Skill	Phase	Responsibility
`spec-workflow`	Planning	Requirements → Design → Task breakdown
`spec-executor`	Execution	State navigation → Task execution → State recovery

Handoff example:

spec-workflow output:
  docs/login-feature/tasks.md
  docs/login-feature/requirements.md
  docs/login-feature/design.md

spec-executor input:
  Read docs/login-feature/tasks.md
  Execute tasks in order
  Update tasks.md after each task

Do NOT use this skill for work that has not been planned by spec-workflow.

Validation: Before executing, confirm tasks.md exists and contains valid task entries (Scope + Verification fields). If the file is missing or malformed, stop and ask the user.

Quick Start

First time using this skill with a confirmed tasks.md:

1. Read tasks.md → find first [ ] task
2. Mark it [~] → execute per Scope description
3. When done: mark [✓], fill Verification, stage changes
4. Show diff → wait for user review and explicit commit approval
5. User says "next" → repeat from step 1

Session compressed?
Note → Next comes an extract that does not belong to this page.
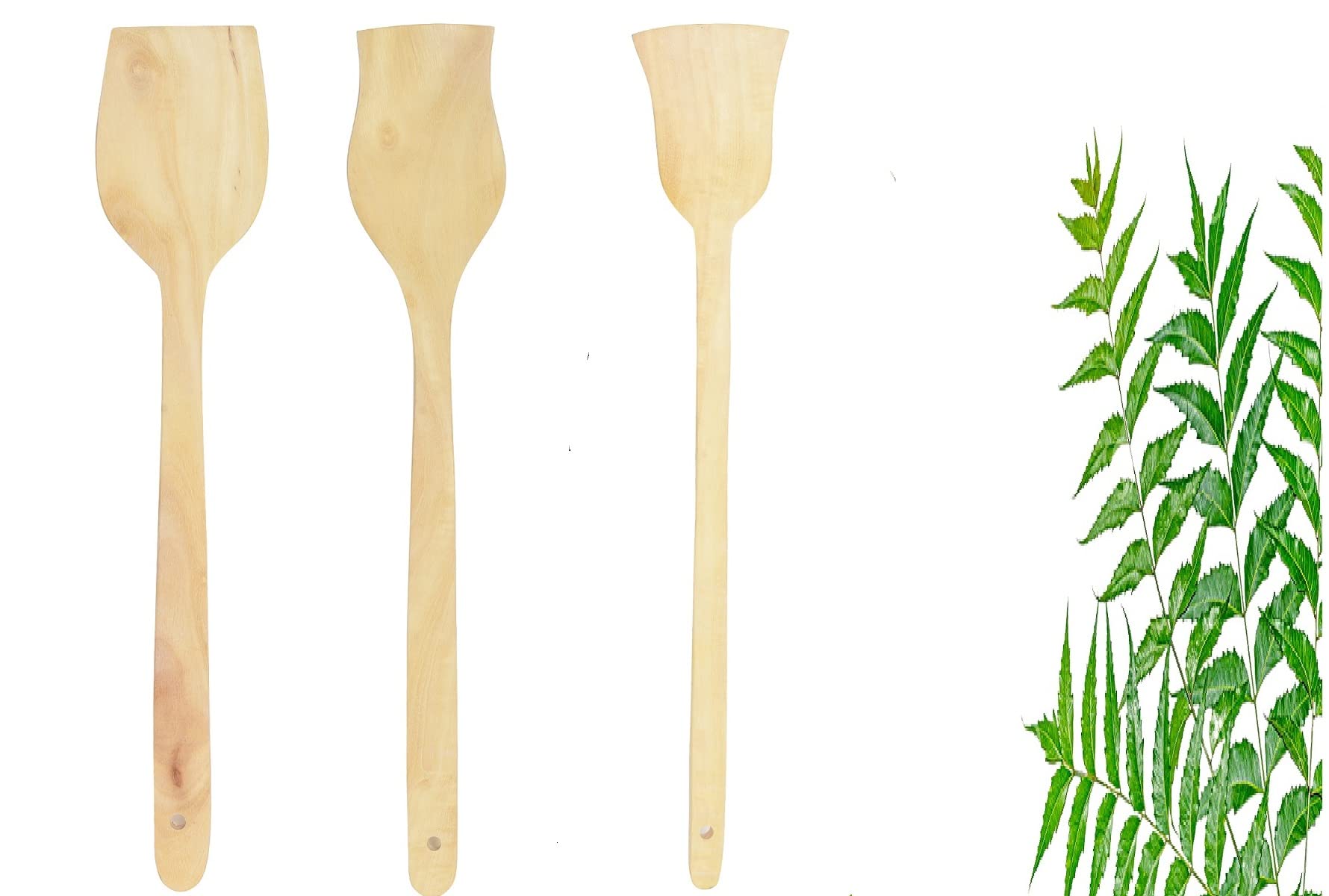 This Wooden Ladle Made of Deshi Neem wood. We know that neem wood is a precious wood. Set of 3 Kitchen spatulas are Safe for non-stick cookware. Get this wooden spoon cooking and serving. Dimensions: Length ranging from 28 to 38cm Spatulas are made from a single block of neem wood so it doesn't have any joints. No harmful shining polish is used which is harmful for health and prohibit the neem wood antibacterial function. The non-scratch wooden spatula is not going to leave any scratch on pan. Use mild soap and warn water for cleaning.

Jump to Session Recovery.

State Navigation

Where Am I?

Received user instruction
│
├─ Is the scope clear and small? ──→ YES → Execute directly (Simple Task)
│                                    NO
├─ Does it need design/architecture? → YES → Plan first → Write tasks.md → Execute
│                                    NO (unclear)
└─ Investigate → Reclassify

Current State	What To Do Next	Key Output
Just received instruction	Classify task (simple / complex / exploratory)	Decision: plan or execute directly
Planning in progress	Write design doc + tasks.md → wait for user confirmation	Confirmed `tasks.md`
Ready to implement	Read `tasks.md`, mark first pending task as `[~]`	Task in progress
Just finished a task	Update `tasks.md` to `[✓]` → verify → commit → next task	Updated tracker
Hit an error	Stop → diagnose → fix → re-verify → resume	Documented fix
Session interrupted	Read `tasks.md` → verify last done task → resume first pending	Recovered context
User inserts unrelated query	Handle query → return to previous state without losing position	Continuity preserved

State Transition Rules

[Classified] --(simple)--> [Executing] --(task done)--> [Update tracker] --(more tasks)--> [Executing]
      │                              │                                    └─(all done)--> [Complete]
      └─(complex)--> [Planning] --(confirmed)--> [Executing]
                             └─(rejected)--> [Revise plan]

[Executing] --(error)--> [Diagnosing] --(fixed)--> [Update tracker] --> [Executing]
                                    └─(stuck)--> [Ask user]

[Any state] --(unrelated user query)--> [Handle query] --> [Return to prior state]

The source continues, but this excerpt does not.